The 2018–19 UEFA Europa League qualifying phase and play-off round began on 26 June and ended on 30 August 2018.

A total of 178 teams competed in the qualifying system of the 2018–19 UEFA Europa League, which includes the qualifying phase and the play-off round, with 35 teams in Champions Path and 143 teams in Main Path. The 21 winners in the play-off round (8 from Champions Path, 13 from Main Path) advanced to the group stage, to join the 17 teams that entered in the group stage, the 6 losers of the Champions League play-off round (4 from Champions Path, 2 from League Path), and the 4 League Path losers of the Champions League third qualifying round.

Teams

Champions Path

The Champions Path included all league champions which were eliminated from the Champions Path qualifying phase of the Champions League, and consisted of the following rounds:
Second qualifying round (18 teams): 18 teams which entered in this round (3 losers of the Champions League preliminary round and 15 of the 16 losers of the Champions League first qualifying round).
Third qualifying round (20 teams): 11 teams which entered in this round (1 loser of the Champions League first qualifying round which receives a bye and 10 losers of the Champions League second qualifying round), and 9 winners of the second qualifying round.
Play-off round (16 teams): 6 teams which entered in this round (losers of the Champions League third qualifying round), and 10 winners of the third qualifying round.
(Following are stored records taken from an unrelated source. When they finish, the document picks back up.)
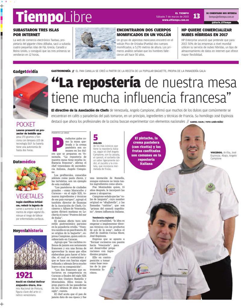 “Los pasteleros de ciudades grandes —como Maracaibo y Caracas— en el siglo XIX, tomaron ingredientes y técnicas de ese país europeo”, agregó el también director de finanzas de la Asociación de Chefs, Cocineros y Afines de Venezuela, quien dictará mañana en Lechería el curso “Postres del sur de Italia”.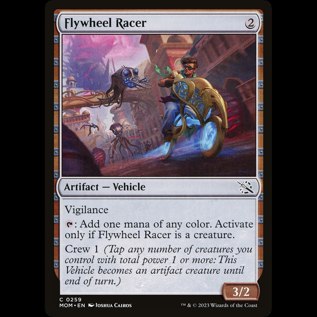 : Add one mana of any color. Activate only if Flywheel Racer is a creature.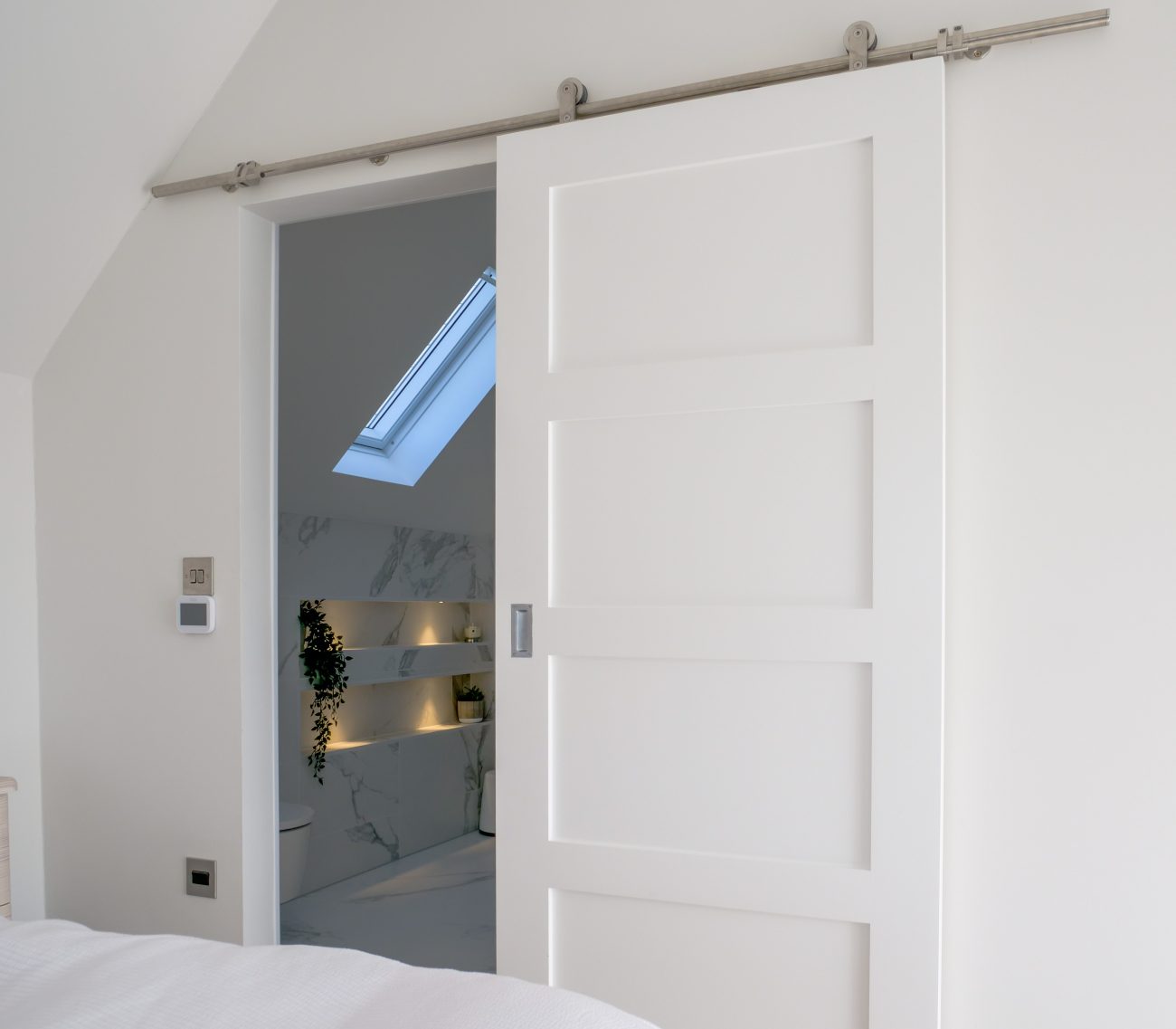 The addition of a sliding door introduced more space to both the en-suite and bedroom, also becoming a design feature in both rooms.
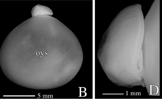 Fig. 6. Embrión de 4 meses del Nautilus pompilius. Imagen B: Perfil con el saco vitelino exterior (oys: outer yolk sac). Imagen D: Detalle de la concha embrionaria. (Procedente de Sasaki, et al., 2010).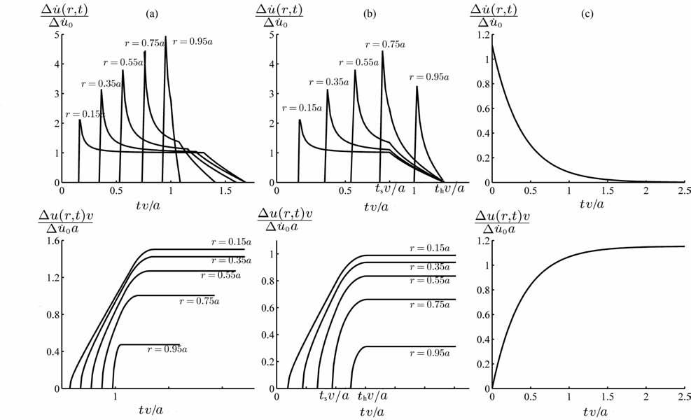 图 1 (a)M-模型每一个圆环所对应的平均滑动速率和滑动位移函数.v 是初始破裂速度,a是最终破裂半径,vR 是破裂速度,t是时间,Δ$\dot{u}$0是初始滑移速率,$\Delta \dot u$ 是滑移速率.取vR/β=0.9,在时间ts(r)之前图形是自相似的,ts(r)表示P 波停止相位的到时函数.曲线的拐点就是其到时,预示着断层开始愈合;(b)D-模型每一个圆环所对应的平均滑动速率和滑动位移函数,在时间ts =0.82a/v 之前图形是自相似的,之后断层开始减速,直到th =1.22a/v 时整个断层滑动愈合.但是,在r=0.95a时破裂前缘存在延迟;(c)由Brune[4]模型给出的平均滑动位移速率和滑动位移函数 Fig. 1 (a)Plots of the relative slip velocity and slip, for the M-model.v isinitialrupturevelocity,aisfinal fault radius,vR is rupture velocity,tistime, $\Delta \dot u$0 is in itial particle velocity, $\Delta \dot u$ isparticle velocity.vR/β=0.9,at five different radii. The motionat each radiusis self-similar untilts(r),which is the arrival time of the P-wave stopping phase. The corners in the slip velocity mark this arrival time; (b)Plots of the relative slip velocity and slip, for the D-model at five different radii. The motion at each radiusis self-similar untilts =0.82a/v ,whenthe fault begins to decelerate. The slipheals over the entire fault surfac eatth =1.22a/v .Note the delay of the rupture front arrival forr=0.95a; (c)Plots of the relative slip velocity and slip, for the Brune-model[4] |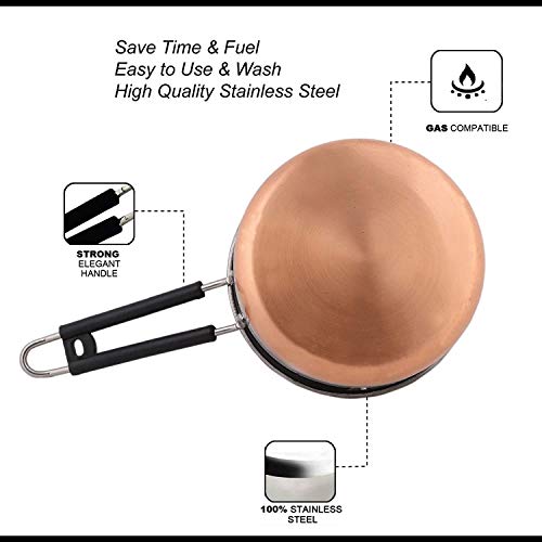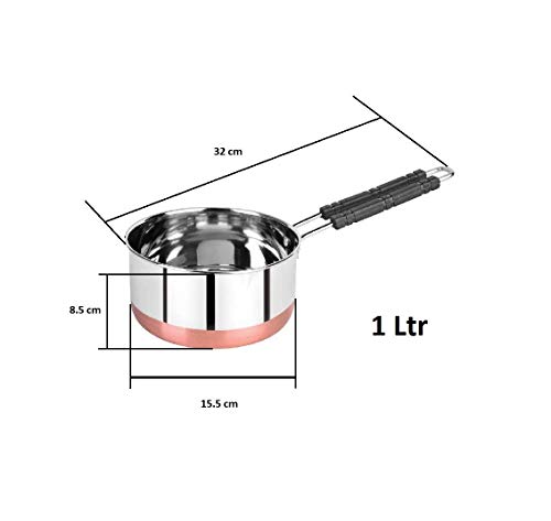 Material: Export Quality Mirror Polish Stainless SteelCopper Bottom Saucepan making it ideal for daily use, highly durable & long lasting.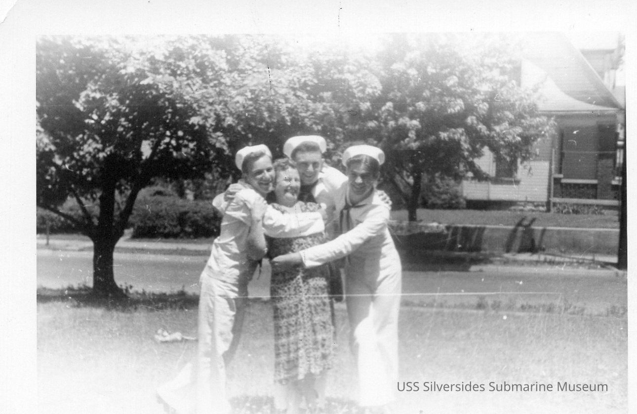Photograph of three sailors all hugging a woman in a dress. The back of the photograph labels everyone in the photo from left to right as Earl Whited (James Kastner's cousin), Eileen Heckels Mother, Bert Heckel, Eileen's brother, and James (Jim) Kastner.Acquisition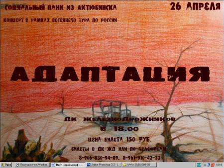 Концерт группы Адаптация из Казахстана!!!Билеты по 150 рублей,приобретать в ДК Ж или у распостронителей тел. 8-912-840-8759, 8-912-357-6497.

Below are the participating teams (with their 2018 UEFA club coefficients), grouped by their starting rounds.

Notes

Main Path

The Main Path included all cup winners and league non-champions which did not qualify directly for the group stage, and consisted of the following rounds:
Preliminary round (14 teams): 14 teams which entered in this round.
First qualifying round (94 teams): 87 teams which entered in this round, and 7 winners of the preliminary round.
Second qualifying round (74 teams): 27 teams which entered in this round, and 47 winners of the first qualifying round.
Third qualifying round (52 teams): 15 teams which entered in this round (including 2 League Path losers of the Champions League second qualifying round), and 37 winners of the second qualifying round.
Play-off round (26 teams): 26 winners of the third qualifying round.

Below are the participating teams (with their 2018 UEFA club coefficients), grouped by their starting rounds.

Notes

Format
Each tie is played over two legs, with each team playing one leg at home. The team that scores more goals on aggregate over the two legs advance to the next round. If the aggregate score is level, the away goals rule is applied, i.e. the team that scores more goals away from home over the two legs advances. If away goals are also equal, then extra time is played. The away goals rule is again applied after extra time, i.e. if there are goals scored during extra time and the aggregate score is still level, the visiting team advances by virtue of more away goals scored. If no goals are scored during extra time, the tie is decided by penalty shoot-out.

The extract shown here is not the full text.